_What needs to be done:_ From the entries below, print exactly the span beginning with the line holding "かわいくてソックリな似顔絵で" and ending with the line holding "Parto de Gallur", endpoints included, and skip any pictures.

_Data provided:_
◇ ◇ ◇ ◇
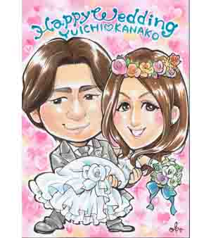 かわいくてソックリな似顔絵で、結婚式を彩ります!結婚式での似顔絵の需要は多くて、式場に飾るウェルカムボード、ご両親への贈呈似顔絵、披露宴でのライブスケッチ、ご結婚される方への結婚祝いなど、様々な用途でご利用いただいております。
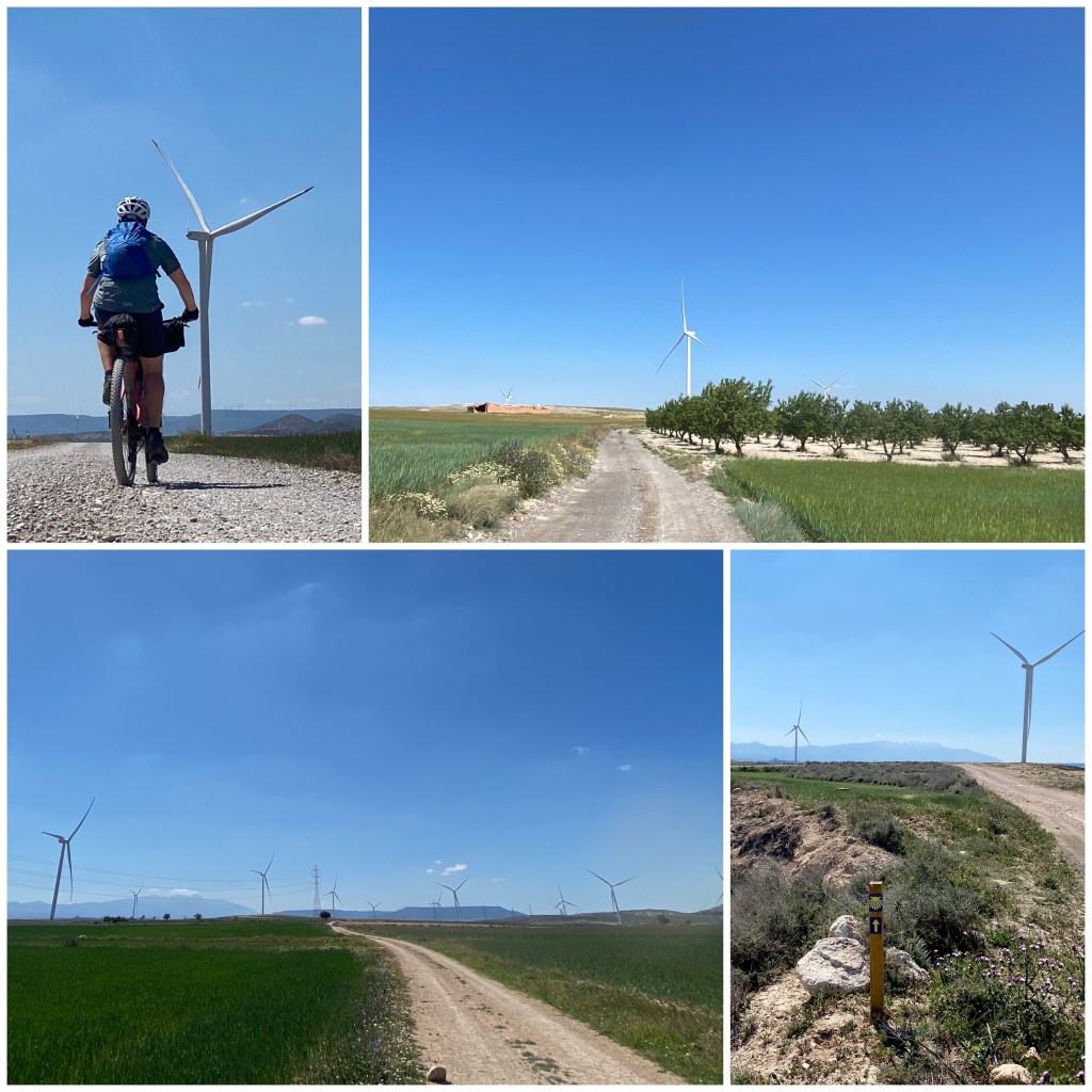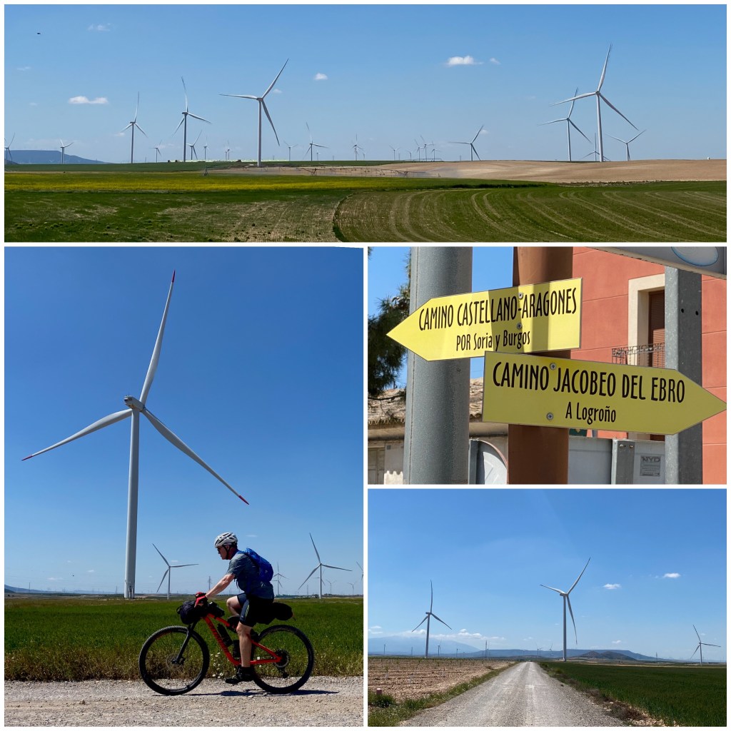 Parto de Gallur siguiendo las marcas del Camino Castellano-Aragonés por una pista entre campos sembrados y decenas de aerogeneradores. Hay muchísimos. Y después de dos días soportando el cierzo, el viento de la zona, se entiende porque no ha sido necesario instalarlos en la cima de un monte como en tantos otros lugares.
◇ ◇ ◇ ◇
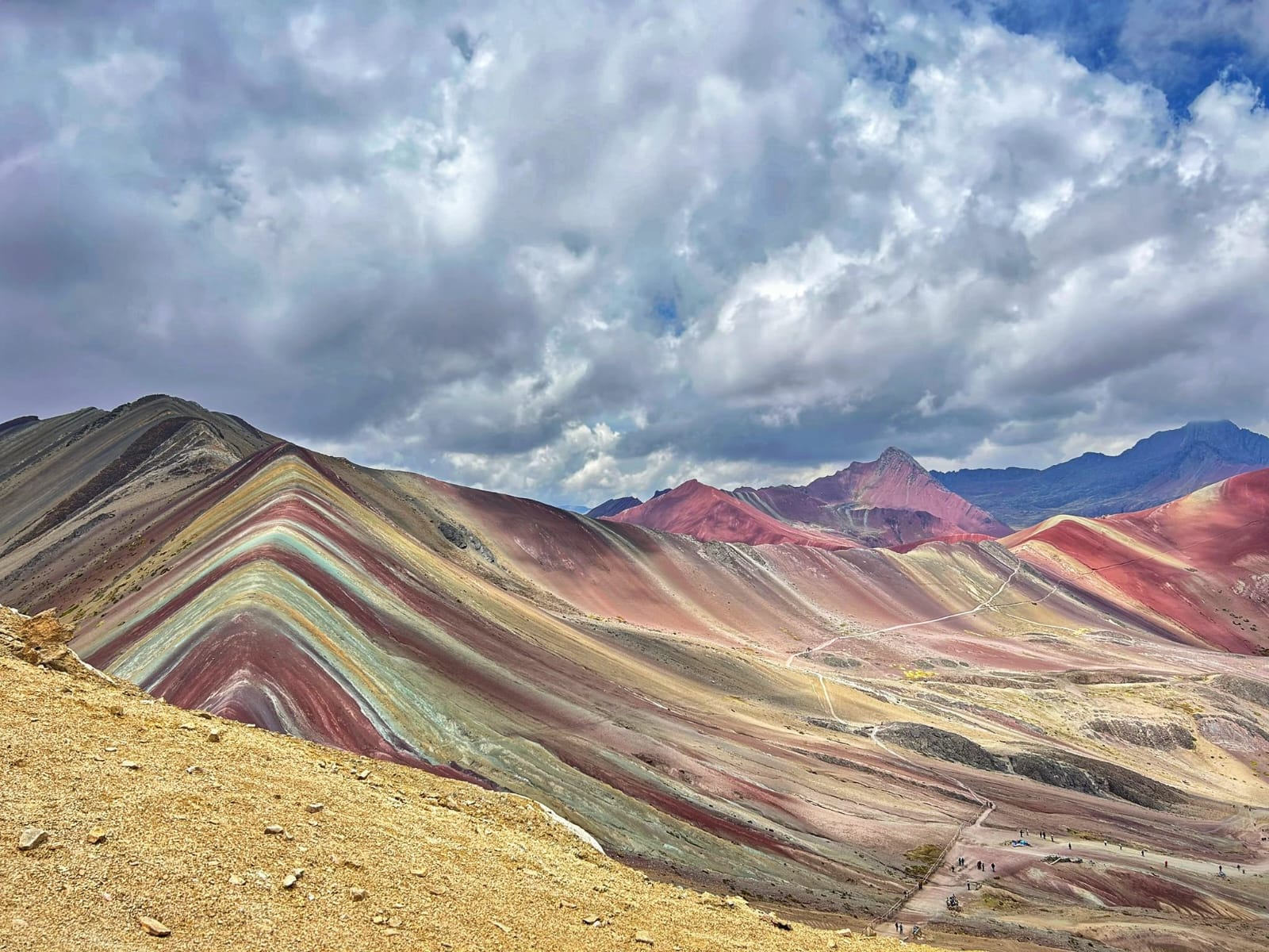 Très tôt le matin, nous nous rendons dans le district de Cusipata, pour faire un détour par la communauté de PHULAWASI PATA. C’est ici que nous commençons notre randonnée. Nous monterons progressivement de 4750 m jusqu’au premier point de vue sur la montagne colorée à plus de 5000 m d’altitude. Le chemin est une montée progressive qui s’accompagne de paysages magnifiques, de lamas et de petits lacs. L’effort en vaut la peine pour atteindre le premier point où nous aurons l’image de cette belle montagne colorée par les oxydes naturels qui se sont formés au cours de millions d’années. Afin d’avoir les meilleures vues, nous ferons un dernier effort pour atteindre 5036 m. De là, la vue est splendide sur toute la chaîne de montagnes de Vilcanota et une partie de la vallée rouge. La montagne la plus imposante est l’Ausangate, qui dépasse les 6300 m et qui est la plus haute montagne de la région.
◇ ◇ ◇ ◇
_Exercise output:_
 かわいくてソックリな似顔絵で、結婚式を彩ります!結婚式での似顔絵の需要は多くて、式場に飾るウェルカムボード、ご両親への贈呈似顔絵、披露宴でのライブスケッチ、ご結婚される方への結婚祝いなど、様々な用途でご利用いただいております。
 Parto de Gallur siguiendo las marcas del Camino Castellano-Aragonés por una pista entre campos sembrados y decenas de aerogeneradores. Hay muchísimos. Y después de dos días soportando el cierzo, el viento de la zona, se entiende porque no ha sido necesario instalarlos en la cima de un monte como en tantos otros lugares.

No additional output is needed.